Given material:
***

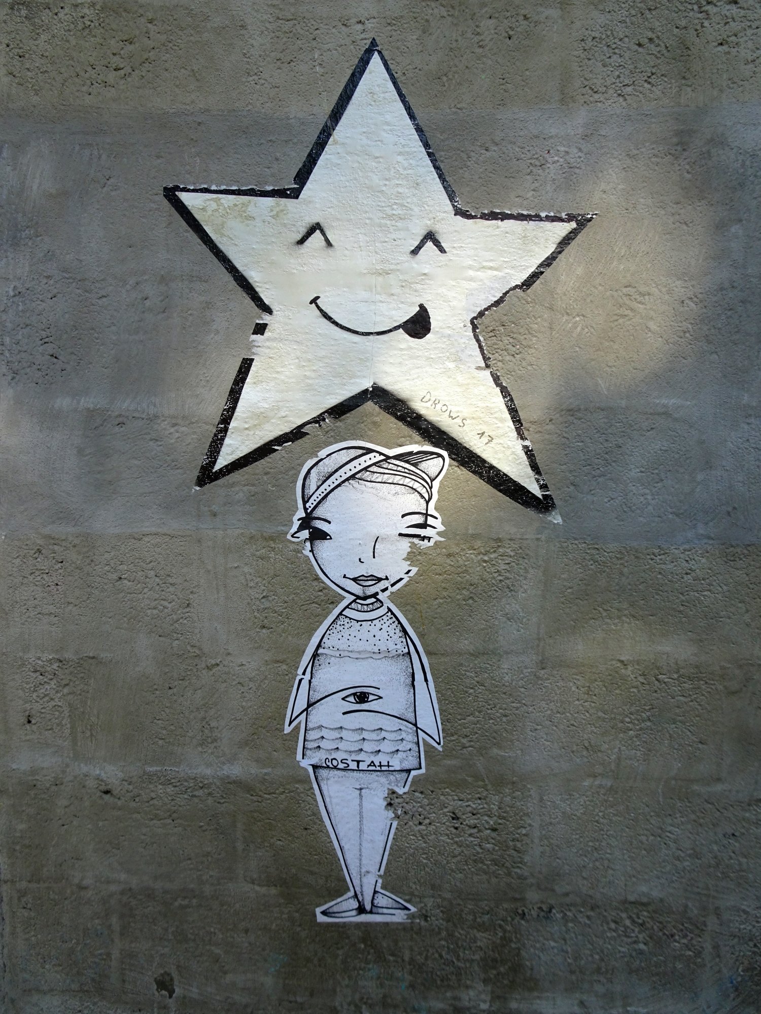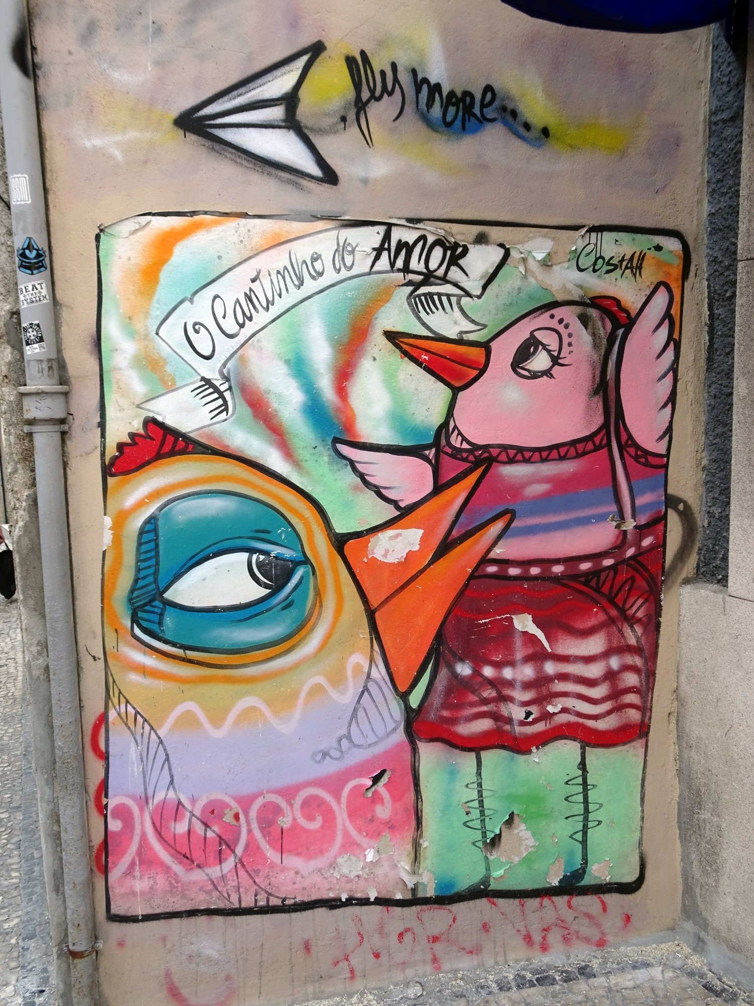 Je commence par Costah qui représente souvent des chats, des gros oiseaux et des enfants. Il est très présent à Porto, mais pas que car j’avais aussi croisé ses œuvres à Toulouse.
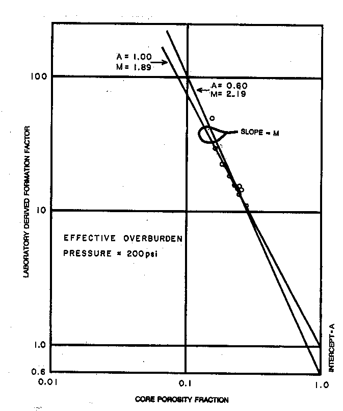 Archie initially proposed that A = 1.0, M = 2.0, and N = 2.0; later it was found that these values varied with rock type. When electrical properties are available, they should be used, provided they fall within reasonable ranges and the data set is large enough to be valid. Data is usually presented in tabular as well as graphical form, as shown below.
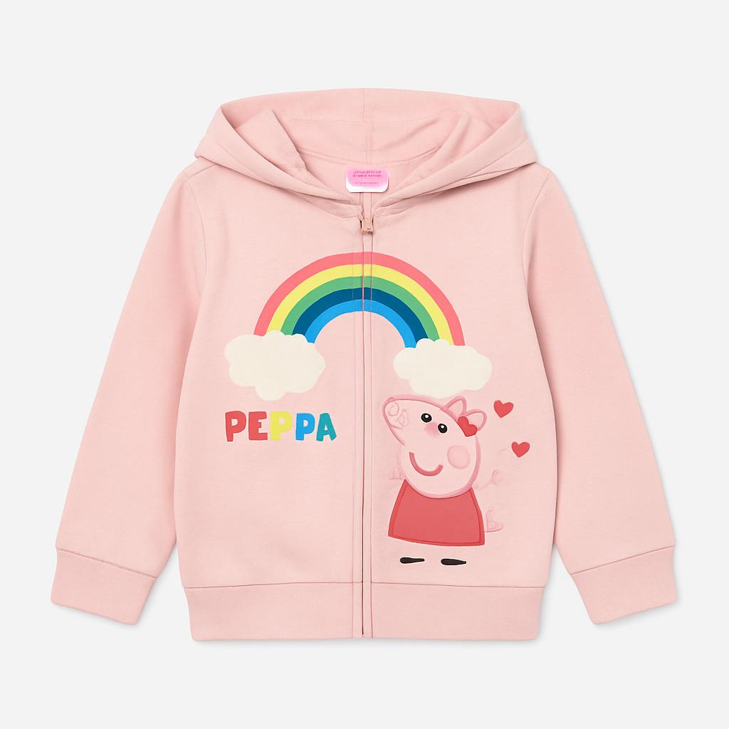 Questa adorabile felpa di Peppa Pig è perfetta per tutte le piccole fan della simpatica maialina! In un dolce colore rosa, presenta una pratica zip e un accattivante design con l'arcobaleno e Peppa stessa che la rendono irresistibile. Le soffici maniche lunghe e il cappuccio offrono comfort e calore, ideali per le giornate più fresche. Nonostante sia un capo usato, si presenta in ottime condizioni, pronto a rendere ogni avventura ancora più speciale! Un'aggiunta giocosa e versatile per il guardaroba della tua bimba!

***

Exercise directions: Copy out all the data above exactly as written. Skip the pictures.

Finished exercise:
 Je commence par Costah qui représente souvent des chats, des gros oiseaux et des enfants. Il est très présent à Porto, mais pas que car j’avais aussi croisé ses œuvres à Toulouse.
 Archie initially proposed that A = 1.0, M = 2.0, and N = 2.0; later it was found that these values varied with rock type. When electrical properties are available, they should be used, provided they fall within reasonable ranges and the data set is large enough to be valid. Data is usually presented in tabular as well as graphical form, as shown below.
 Questa adorabile felpa di Peppa Pig è perfetta per tutte le piccole fan della simpatica maialina! In un dolce colore rosa, presenta una pratica zip e un accattivante design con l'arcobaleno e Peppa stessa che la rendono irresistibile. Le soffici maniche lunghe e il cappuccio offrono comfort e calore, ideali per le giornate più fresche. Nonostante sia un capo usato, si presenta in ottime condizioni, pronto a rendere ogni avventura ancora più speciale! Un'aggiunta giocosa e versatile per il guardaroba della tua bimba!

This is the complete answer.